MUSIC: Review: Seafinch, "Who's Going to Hold You in the Evening"

Written by Steve Pierce on . Posted in Music

I believe in being honest, so I won’t pull any punches here — I generally loathe any type of religious music as a matter of personal principle.

That’s not hyperbole. I’ve had horrible experiences with the genre. I used to become visibly angry when my mission companions would force me to listen to endless EFY compilations. I don’t know why. I couldn’t explain it then and I still can’t now. I just didn’t like it and it would agitate me to no end.

Perhaps it’s the fact that I find 98 percent of religious music (especially that of the LDS variety) to be heavy-handed, unnecessarily melodramatic, overly kitschy and generally unlistenable.
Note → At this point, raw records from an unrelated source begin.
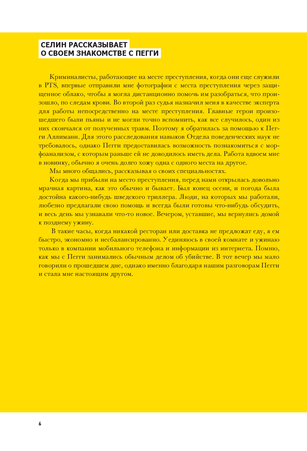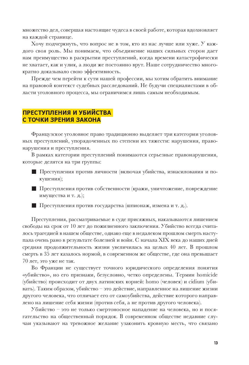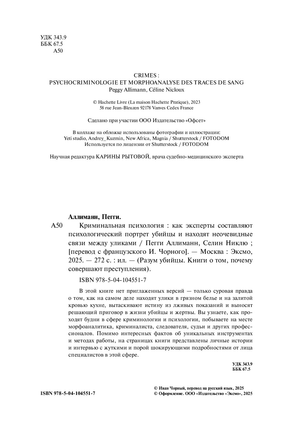 В этой книге нет приглаженных версий – только суровая правда о том, как на самом деле находят улики в грязном белье и на залитой кровью кухне, вытаскивают истину из лживых показаний и выносят решающий приговор в жизни убийцы и жертвы. Вы узнаете, как проходят будни в сфере криминологии и психологии, побываете на месте морфоаналитика, криминалиста, следователя, судьи и других профессионалов. Помимо интересных фактов об уникальных инструментах и методах работы, на страницах книги представлены личные истории и интервью с жуткими и порой шокирующими подробностями от лица специалистов в этой сфере.
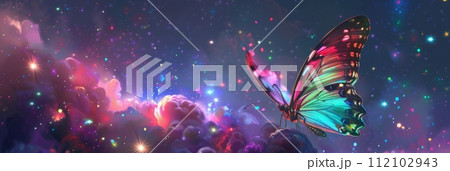 A vibrant purple butterfly, a vital pollinator and beautiful arthropod, gracefully soars in the sky among pink and violet petals
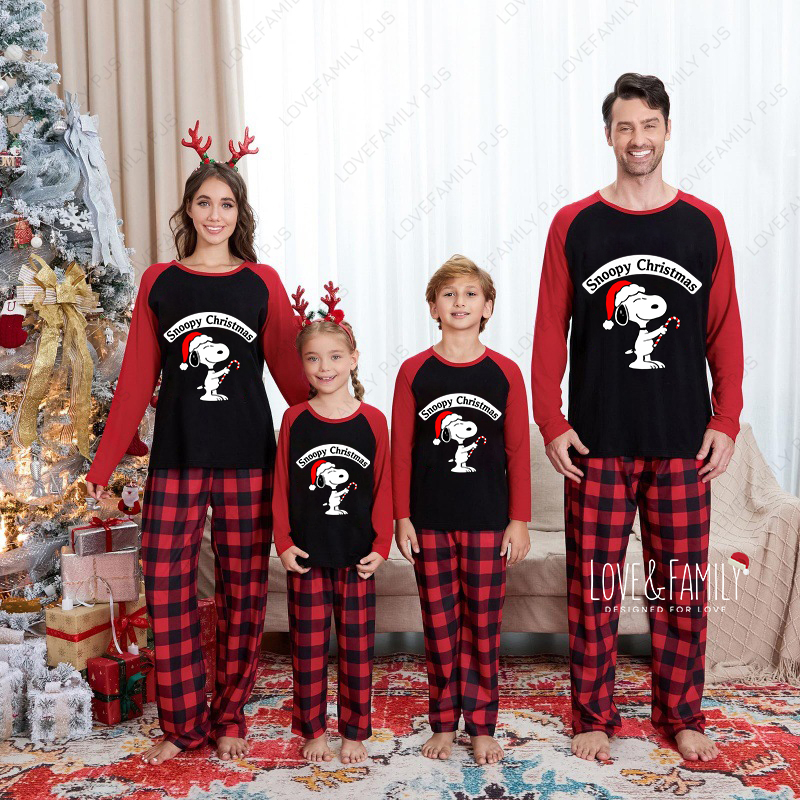 Snoopy Print Christmas Family Pajamas Peanuts Holiday PJs Sets

In the world of faith-based tunes, there seems to be no happy medium between the seemingly commercialized arena megachurch anthems of contemporary Christian rock and the pseudo-funeral dirges moped out by LDS artists on the myriad of overpriced collections sold at Deseret Book. Basically, I don’t believe there’s really anyone out there (of any religious denomination) making great worship music. Condemn me to hell if you must, but that’s just how I see it.

Or rather, that’s how I saw it — before I encountered Seafinch.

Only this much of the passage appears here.